1. Field of the Invention
The present invention relates generally to visual encoding in a computerized processing system, and more particularly in one exemplary aspect to a computer vision apparatus and methods of encoding of visual information for vision prosthetic devices.
2. Description of Related Art
In a vertebrate vision system, the retina is a light sensitive tissue lining the inner surface of the eye. Light falling upon the retina triggers nerve impulses that are sent to visual centers of the brain via fibers of the optic nerve. The optic fibers from the retina to the thalamus represent a visual information bottleneck. The retina, consisting of millions of photoreceptors, is coupled to millions of neurons in the primary visual cortex to process visual information, yet there are only hundreds of thousands of retinal ganglion cells giving rise to the optic fibers that connect retina to the brain.

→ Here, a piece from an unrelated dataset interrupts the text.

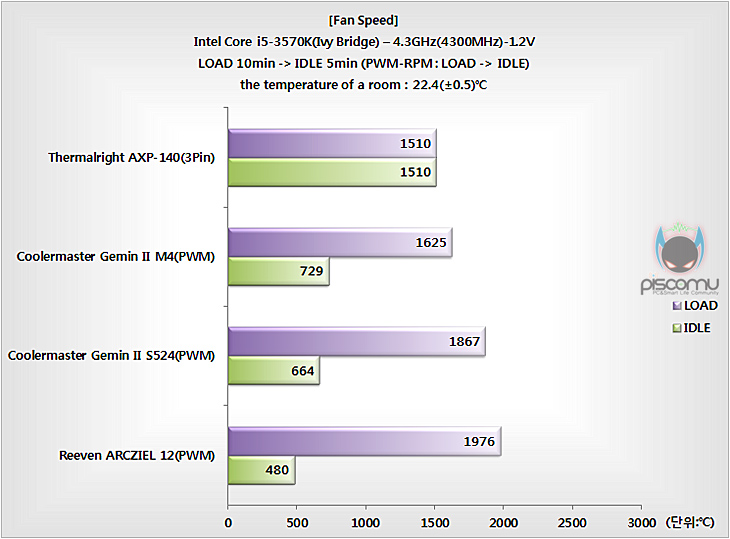 이번엔 팬 속도를 확인해 보는데, IDLE와 LOAD 상황에서의 각 팬 속도를 확인해 본 결과, 각 쿨러의 기본 제공되는 팬의 기재된 범위에서 모두 최저와 최고 속도를 보여줬습니다. ARCZIEL 12는 IDLE에서 가장 낮은 속도를 보였지만, LOAD에선 가장 높은 속도를 보였습니다.

When retinal photoreceptors are damaged, a retinal prosthetic device (e.g., a semiconductor chip) is utilized to encode visual information, and transmit it to the retinal ganglion cells (RGC) via stimulating electrodes. In this case, the number of electrodes (typically limited to tens or hundreds per chip) acts as the information bottleneck that limits the transmission bandwidth and hence the resolution of the perceived image. Presently available retinal prosthetic devices use a small number of individual light sensors directly coupled to the RGCs via individual stimulating electrodes. The sensors are typically arranged into a square pattern (e.g., 3×3 pattern in the exemplary retinal prosthetic manufactured by Second Sight Medical Products, Inc.), and are configured to operate independently from one another by generating electrical pulses in the electrodes in response to light stimulation. The electric pulses evoke firings of the RGCs to mimic their natural firing patterns. It is an open question on what is the optimal firing pattern of RGCs to encode visual signals in a retinal prosthetic device.
Existing models used for retinal prosthetic signal encoding utilize rate encoding; the RGCs are stimulated with pulses of currents of various amplitudes or durations (or waveforms) so to make RGCs fire with various firing rates. This is in line with the common neuroscience theory that the frequency of random firing of retinal ganglion cells (and not the precise timing of pulses) is used to transmit the information to the brain (see, e.g., Field, G.; Chichilnisky, E. Information Processing in the Primate Retina: Circuitry and Coding. Annual Review of Neuroscience, 2007, 30(1), 1-30). In another existing approach (see Van Rullen R.; Thorpe, S. Rate Coding versus temporal order coding: What the Retinal ganglion cells tell the visual cortex. Neural computation, 2001, 13, 1255-1283), a coding scheme is suggested where each retinal ganglion cell encodes information into pulse timing (or latency) that is measured with respect to a reference timing signal (e.g., the onset of the image). Here, the RGC with the strongest signal fires first, the RGC with the second strongest signal fires next, and so on. Each RGC fires only once.
In both cases (i.e., rate coding and latency coding), each RGC encodes the photoreceptor signal (or other features of the image) into a single analog value (rate or latency), and RGCs encode their values independently. That is, the message transmitted along one RGC is the same regardless of the activities of the other RGCs.
In a different approach described in e.g., Meister, M. Multineuronal codes in retinal signaling. Proceedings of the National Academy of sciences. 1996, 93, 609-614, Meister, M; Berry M. J. II. The neural code of the retina. Neuron. 1999, 22, 435-450, and Schnitzer, M. J.; Meister, M.; Multineuronal Firing Patterns in the Signal from Eye to Brain. Neuron, 2003, 37, 499-511, encoding and multiplexing of visual information into patterns of synchronous pulses involving multiple cells is performed. The advantage of such neuronal code is higher information transmission capacity, as it allows for multiplexing of various photoreceptor signals into pulsed output of multiple RGCs. For example, 4 photoreceptor signals or features, 1, 2, 3, and 4, can be encoded into 3 RGC synchronous firings 1→(1,0,0), 2→(0,1,0), 3→(0,0,1), and 4→(1,1,0), where 1 represents the corresponding RGC firing, and 0 represents a quiescent state. When photoreceptors 1 and 3 are active, the output is a superposition 1+3→(1,0,1), resulting in multiplexing. However, when too many photoreceptors are active, the output consists of a synchronous barrage of pulses (e.g., (1,1,1)) and the information is lost.
All existing approaches have limited information transmission capacity, at least in part because they (i) do not fully utilize multichannel patterns of pulses to encode visual signals, and (ii) do not fully take advantage of the brain's ability to learn to decode such patterns. Accordingly, there is a salient need for a more efficient and scalable visual encoding solution that utilizes data compression at a retinal level prior to data transmission to the brain, in order to among other things, increase resolution capabilities of the retinal prosthetic devices.